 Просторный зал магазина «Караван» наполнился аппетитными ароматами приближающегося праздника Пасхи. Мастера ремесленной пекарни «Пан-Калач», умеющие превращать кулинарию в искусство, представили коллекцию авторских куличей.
---
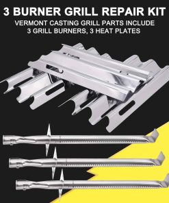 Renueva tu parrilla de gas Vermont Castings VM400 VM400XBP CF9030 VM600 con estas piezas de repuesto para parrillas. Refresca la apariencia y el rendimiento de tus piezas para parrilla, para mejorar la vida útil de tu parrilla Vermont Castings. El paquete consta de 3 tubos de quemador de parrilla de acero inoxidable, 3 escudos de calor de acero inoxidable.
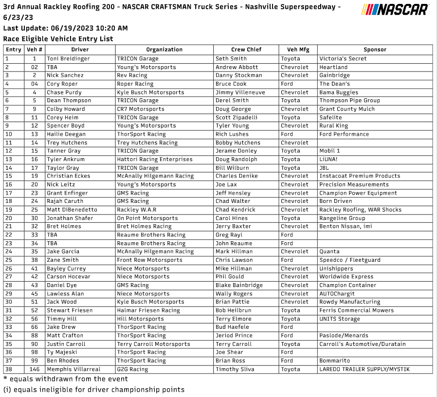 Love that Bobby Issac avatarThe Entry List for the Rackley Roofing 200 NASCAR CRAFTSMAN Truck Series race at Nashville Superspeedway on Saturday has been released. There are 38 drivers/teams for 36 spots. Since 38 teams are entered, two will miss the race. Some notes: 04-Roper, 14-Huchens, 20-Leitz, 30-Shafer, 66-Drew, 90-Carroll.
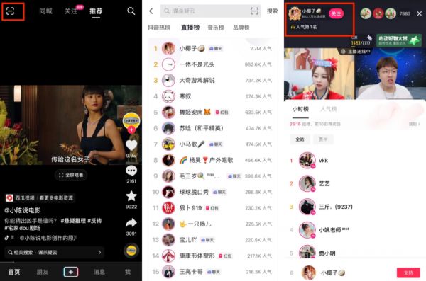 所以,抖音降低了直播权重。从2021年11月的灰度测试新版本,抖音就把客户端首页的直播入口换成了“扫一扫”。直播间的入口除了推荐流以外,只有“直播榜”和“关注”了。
==
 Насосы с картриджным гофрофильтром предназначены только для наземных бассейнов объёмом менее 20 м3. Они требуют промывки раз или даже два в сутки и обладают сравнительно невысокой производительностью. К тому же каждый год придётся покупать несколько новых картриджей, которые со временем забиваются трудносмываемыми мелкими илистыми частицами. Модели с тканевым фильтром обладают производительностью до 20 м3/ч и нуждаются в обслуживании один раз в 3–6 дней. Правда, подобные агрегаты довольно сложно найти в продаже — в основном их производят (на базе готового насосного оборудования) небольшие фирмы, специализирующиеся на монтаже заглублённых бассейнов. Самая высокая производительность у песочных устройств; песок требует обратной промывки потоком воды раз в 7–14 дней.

- **Exercise details**:
From the records above, copy only the lines running from the line containing "Renueva tu parrilla" to the line containing "所以,抖音降低了直播权重。从", both ends included. Leave the pictures out.

- **Reply**:
 Renueva tu parrilla de gas Vermont Castings VM400 VM400XBP CF9030 VM600 con estas piezas de repuesto para parrillas. Refresca la apariencia y el rendimiento de tus piezas para parrilla, para mejorar la vida útil de tu parrilla Vermont Castings. El paquete consta de 3 tubos de quemador de parrilla de acero inoxidable, 3 escudos de calor de acero inoxidable.
 Love that Bobby Issac avatarThe Entry List for the Rackley Roofing 200 NASCAR CRAFTSMAN Truck Series race at Nashville Superspeedway on Saturday has been released. There are 38 drivers/teams for 36 spots. Since 38 teams are entered, two will miss the race. Some notes: 04-Roper, 14-Huchens, 20-Leitz, 30-Shafer, 66-Drew, 90-Carroll.
 所以,抖音降低了直播权重。从2021年11月的灰度测试新版本,抖音就把客户端首页的直播入口换成了“扫一扫”。直播间的入口除了推荐流以外,只有“直播榜”和“关注”了。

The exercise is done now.